*What the exercise asks:* Reproduce, exactly and only, the lines of the data that follows from the one containing "Düz yakalı, kısa" down to the one containing "除了丰富的壁纸资源,《缤纷桌", without pictures.

*Record extracts:*
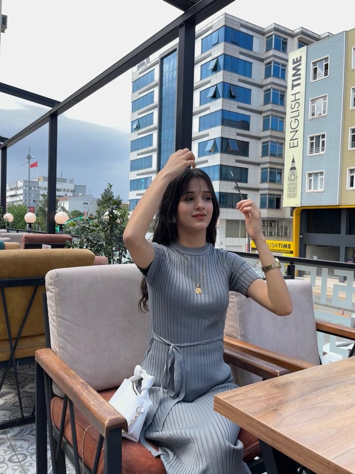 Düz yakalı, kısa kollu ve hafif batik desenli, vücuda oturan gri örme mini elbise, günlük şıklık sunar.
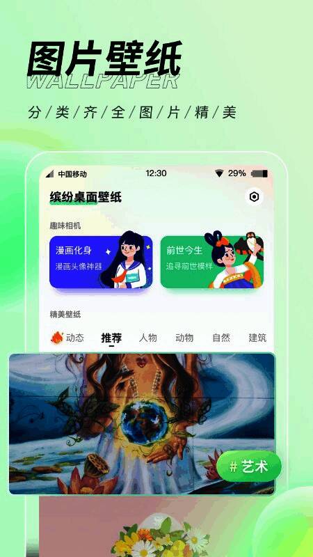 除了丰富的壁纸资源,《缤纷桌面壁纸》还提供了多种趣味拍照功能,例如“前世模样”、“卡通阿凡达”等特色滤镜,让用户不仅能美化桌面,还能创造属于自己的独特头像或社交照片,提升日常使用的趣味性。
* * *
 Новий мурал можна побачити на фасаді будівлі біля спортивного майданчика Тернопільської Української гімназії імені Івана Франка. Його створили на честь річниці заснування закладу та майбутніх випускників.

*Task response:*
 Düz yakalı, kısa kollu ve hafif batik desenli, vücuda oturan gri örme mini elbise, günlük şıklık sunar.
 除了丰富的壁纸资源,《缤纷桌面壁纸》还提供了多种趣味拍照功能,例如“前世模样”、“卡通阿凡达”等特色滤镜,让用户不仅能美化桌面,还能创造属于自己的独特头像或社交照片,提升日常使用的趣味性。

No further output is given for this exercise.